Ivy Bridge College
- Motto: Guided path. Brighter future.
- Type: Two-Year Online Institution
- Established: 2008
- Affiliations: North Central Association of Colleges and Schools
- Location: San Francisco, California Toledo, Ohio, United States
- Website: Ivy Bridge College Official Website

= Ivy Bridge College =

American online institution

Ivy Bridge College is a two-year online institution with operations in San Francisco, California and Toledo, Ohio. Ivy Bridge was founded in 2008 by Tiffin University and Altius Education Inc. Ivy Bridge's stated goal is provide an affordable higher education option by improving the transfer rate of two-year students to four-year institutions. On August 2, 2013, Tiffin University announced that it had been ordered by its accreditor, the Higher Learning Commission, to discontinue offering associate degree programs through Ivy Bridge College as of October 20, 2013.

==Organization and administration==
Ivy Bridge College was developed by Tiffin University and Altius Education, Inc. Altius Education is a higher education company that specializes in online learning systems and delivery models. Operational roles of Ivy Bridge College are split along instructional and administrative lines. Altius implements the technical aspects of running the College's online program. Tiffin University carries out curriculum construction and instruction.
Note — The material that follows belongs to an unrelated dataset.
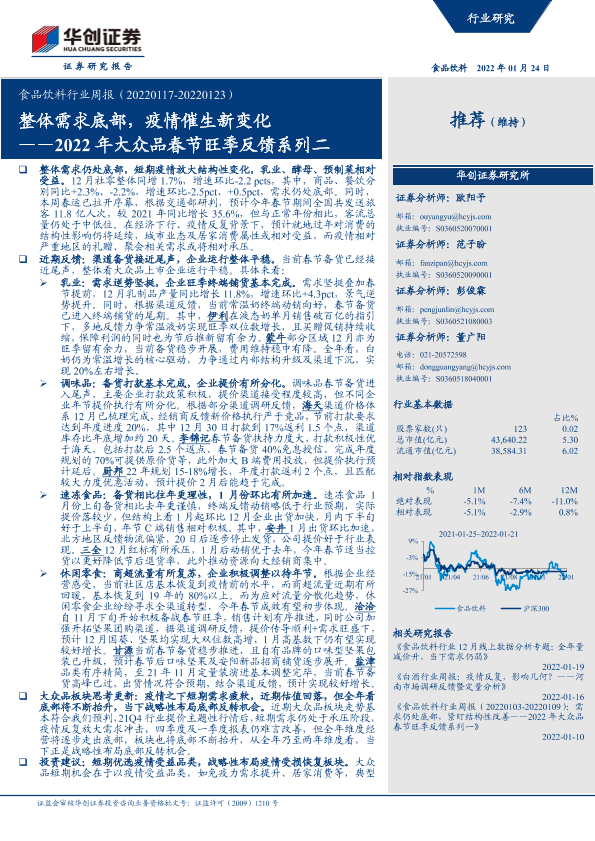 【华创证券】【20220124】2022年大众品春节旺季反馈系列二:整体需求底部,疫情催生新变化-8页

The College awards its graduates degrees through Tiffin University, which is accredited by the North Central Association of Colleges and Schools Commission and the Association of Collegiate Business Schools and Programs. Ivy Bridge grants students who maintain satisfactory academic standing admittance into one of the College's four-year partner institutions. As of July 2012, Ivy Bridge has entered into partnerships with 143 public and private universities.

==Student body==
Enrollment in Ivy Bridge's degree programs reached nearly 2,000 in 2011. Altius’ CEO Paul Freedman announced that Ivy Bridge intends to increase enrollment to 5,000 students within the next 18 months, with a goal of enrolling upwards of 30,000 students by 2017.

==Recent developments==

Altius Education Inc.’s founder and CEO Paul Freedman unveiled the Helix educational platform during Arizona State University’s 2012 Education Innovation Summit. Based on “adaptive, competency-based learning”, Helix generates a curriculum intended to accommodate a student's learning style. Helix incorporates the use of on-demand assistance, progress assessments, storytelling, and interactive classrooms.

The transition from Ivy Bridge's Moodle platform to the Helix system is scheduled to begin early in 2013.

A new tuition structure, aimed at increasing the number of students enrolled on a full-time basis, went into effect at the start of the summer 2012 semester. It decreases the cost by 14% for students attending the college full-time.

Tiffin University has been ordered by its accrediting body to stop offering associate degrees through Ivy Bridge as of October 20, 2013, calling into question the future of Ivy Bridge College.